The COVID-19 shock will also have a serious impact on poverty. The report estimates that under the baseline growth scenario, nearly 24 million fewer people will escape poverty across the region in 2020 than would have in the absence of the pandemic (using a poverty line of US$5.50/day). If the economic situation were to deteriorate further, and the lower-case scenario prevails, then poverty is estimated to increase by about 11 million people. Prior projections estimated that nearly 35 million people would escape poverty in EAP in 2020, including over 25 million in China alone.

“Countries in East Asia and the Pacific that were already coping with international trade tensions and the repercussions of the spread of COVID-19 in China are now faced with a global shock,” said Victoria Kwakwa, Vice President for East Asia and the Pacific at the World Bank. “The good news is that the region has strengths it can tap, but countries will have to act fast and at a scale not previously imagined.”

Among the actions recommended by the report are urgent investments in national healthcare capacity and longer-term preparedness.  The report also suggests taking an integrated view of containment and macroeconomic policies. Targeted fiscal measures – such as subsidies for sick pay and healthcare – would help with containment and ensure that temporary deprivation does not translate into long-term losses of human capital.

“In addition to bold national actions, deeper international cooperation is the most effective vaccine against this virulent threat.  Countries in East Asia and the Pacific and elsewhere must fight this disease together, keep trade open and coordinate macroeconomic policy,” said Aaditya Mattoo, Chief Economist for East Asia and the Pacific at the World Bank.

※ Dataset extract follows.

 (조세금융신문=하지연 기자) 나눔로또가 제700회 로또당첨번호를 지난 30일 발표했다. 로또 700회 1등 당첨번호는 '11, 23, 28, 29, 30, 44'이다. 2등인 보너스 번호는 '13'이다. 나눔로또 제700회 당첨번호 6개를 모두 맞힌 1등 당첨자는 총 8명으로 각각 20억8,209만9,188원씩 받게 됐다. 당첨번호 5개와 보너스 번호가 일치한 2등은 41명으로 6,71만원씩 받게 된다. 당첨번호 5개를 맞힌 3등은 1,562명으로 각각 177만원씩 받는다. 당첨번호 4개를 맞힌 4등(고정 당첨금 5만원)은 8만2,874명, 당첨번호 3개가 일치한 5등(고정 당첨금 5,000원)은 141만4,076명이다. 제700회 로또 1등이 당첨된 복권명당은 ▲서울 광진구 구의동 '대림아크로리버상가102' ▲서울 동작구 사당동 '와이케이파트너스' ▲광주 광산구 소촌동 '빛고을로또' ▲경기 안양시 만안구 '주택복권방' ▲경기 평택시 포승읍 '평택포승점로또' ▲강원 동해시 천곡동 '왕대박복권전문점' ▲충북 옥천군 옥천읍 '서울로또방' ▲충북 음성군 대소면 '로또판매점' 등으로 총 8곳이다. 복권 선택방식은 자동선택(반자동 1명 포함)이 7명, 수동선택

The report calls for international cooperation and new cross-border public-private partnerships to ramp up the production and supply of key medical supplies and services in the face of the pandemic, and to ensure financial stability in the aftermath. Critically, trade policy should stay open so medical and other supplies are available to all countries, as well as to facilitate the region’s rapid economic recovery.

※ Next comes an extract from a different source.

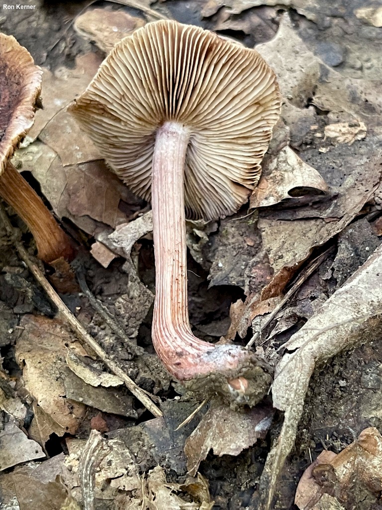 [Basidiomycota > Agaricales > Inocybaceae > Inocybe . . . ] Inocybe vinaceobrunnea by Michael Kuo, 12 February 2024 Inocybe vinaceobrunnea is a denizen of hardwood and mixed hardwood-conifer forests east of the Rocky Mountains, tentatively recognized by its purple-brown colors, radially fibrillose cap surface, pinkish staining stem, and spermatic-sweet odor. Microscopic features should be verified for more confident identification, including smooth and ellipsoid spores, cheilocystidia but not pleurocystidia, and a pileipellis that is pinkish to reddish in KOH. Traditionally North American authors have used the names Inocybe jurana and Inocybe adaequata for the mushroom featured here, but Matheny & Kudzma (2019) found phylogenetic differences among collections worldwide, concluding that "[a]t least four species can now be recognized in the Adaequata clade: European I. adaequata, Eurasian I. rhodolia, eastern North American I. vinaceobrunnea . . . and what likely represents an undescribed western North American species" (223). "Inosperma vinaceobrunneum" is another combination for this mushroom, but the name was published in an online setting without editing, peer review, or even a shred of offered support (also the publication contains typos and incorrectly cites the original authors of the species); see this page for more discussion. Thanks to Ron Kerner for collecting, documenting, and preserving Inocybe vinaceobrunnea; his collection is deposited in The Herbarium of Michael Kuo. Description: Ecology: Mycorrhizal; growing alone, scattered, or gregariously in association with hardwoods; originally described from Tennessee (Matheny & Kudzma 2019); widely distributed in the United States east of the Rocky Mountains. The illustrated and described collections are from Illinois, Indiana, and Kentucky. Cap: 2–6 cm; conic at first, becoming broadly conic to broadly bell-shaped or plano-depressed, but retaining a central bump; dry; radially fibrillose; purplish brown, with a darker brown center; the margin at first somewhat inrolled. Gills: Narrowly attached to the stem; close; short-gills frequent; whitish at first, becoming pale brown, then medium snuff brown; edges whitish. Stem: 4–6 cm long; 0.5–1.5 cm thick; more or less equal above a slightly swollen base; dry; fibrillose with reddish fibrils; ground color whitish above and pinkish below; bruising and discoloring purplish pink. Flesh: Whitish; pinkish to pink in the stem when sliced. Odor: When fresh, sweet with a spermatic component; when dried specimens are rehydrated, strongly spermatic. Chemical Reactions: KOH red to dark purplish red on cap surface. Spore Print: Dull brown. Microscopic Features: Spores 10–14 x 5–6.5 µm; ellipsoid, sometimes with one side somewhat flattened; smooth; walls about 0.5 µm thick; yellowish and often uniguttulate in KOH. Basidia 28–32 x 8–10 µm; clavate; 4-sterigmate. Pleurocystidia not found. Cheilocystidia 30–60 x 6–10 µm; cylindric-flexuous with subclavate, clavate, or merely rounded apices—or occasionally larger and saccate—smooth; thin-walled; hyaline to brown in KOH. Pileipellis a cutis; elements 4–10 µm wide, smooth or finely roughened, dull red in KOH; clamp connections present. REFERENCES: Matheny, Ovrebo & Kudzma, 2019. (Kauffman, 1918; Kauffman, 1924; Arora, 1986; Phillips, 1991/2005; Kuo & Methven, 2014; Matheny, 2018; Matheny & Kudzma, 2019; Matheny et al., 2020.) Herb. Kuo 10010404, 08071301, 08271401, 08122201. This site contains no information about the edibility or toxicity of mushrooms. |
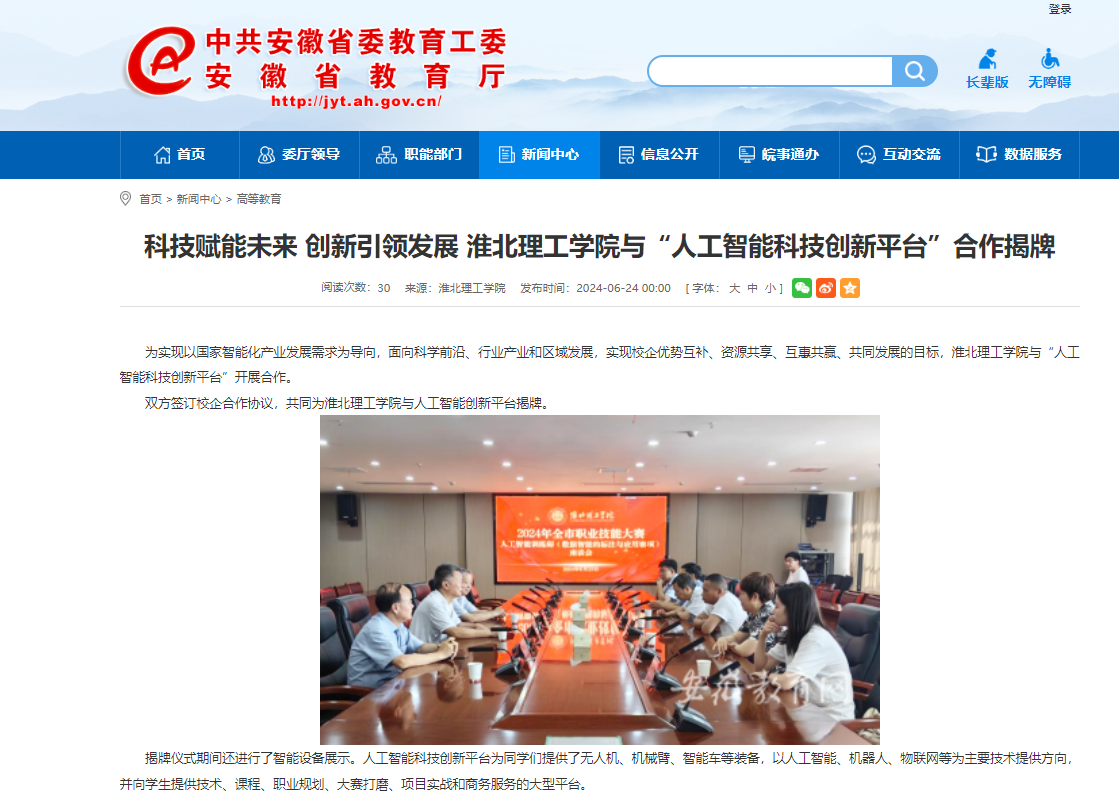 为实现以国家智能化产业发展需求为导向,面向科学前沿、行业产业和区域发展,实现校企优势互补、资源共享、互惠共赢、共同发展的目标,Beat365唯一官方网站与“人工智能科技创新平台”开展合作。对此,安徽教育网进行了报道:

Another policy recommendation is easing credit to help households smooth their consumption and help firms survive the immediate shock.  However, given the potential of an extended crisis, the report emphasizes the need to couple such measures with regulatory oversight, particularly as many countries in EAP already carry a high burden of corporate and household debt. For poorer countries, debt relief will be essential, so that critical resources can be focused on managing the economic and health impacts of the pandemic.

The report also highlights the substantially higher risk of falling into poverty among households dependent on sectors that are particularly vulnerable to COVID-19 impacts, such as tourism in Thailand and the Pacific Islands, manufacturing in Cambodia and Vietnam, and among households dependent on informal labor in all countries.  In some countries, the impact of COVID-19 comes on top of country-specific factors, such as droughts (Thailand) or commodity shocks (Mongolia). In the Pacific Island countries, the outlook for 2020 is subject to substantial risks due to their economies’ reliance on grants, tourism, and imports.

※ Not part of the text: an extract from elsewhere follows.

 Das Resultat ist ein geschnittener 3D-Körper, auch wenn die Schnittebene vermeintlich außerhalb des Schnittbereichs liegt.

Due to the COVID-19 pandemic, economic circumstances within countries and regions are fluid and change on a day-by-day basis. The analysis in the report is based on the latest country-level data available as of March 27.

The World Bank Group is rolling out a $14 billion fast-track package to strengthen the COVID-19 response in developing countries and shorten the time to recovery. The immediate response includes financing, policy advice and technical assistance to help countries cope with the health and economic impacts of the pandemic. The IFC is providing $8 billion in financing to help private companies affected by the pandemic and preserve jobs. IBRD and IDA are making an initial US$6 billion available for the health-response.  As countries need broader support, the World Bank Group will deploy up to $160 billion over 15 months to protect the poor and vulnerable, support businesses, and bolster economic recovery.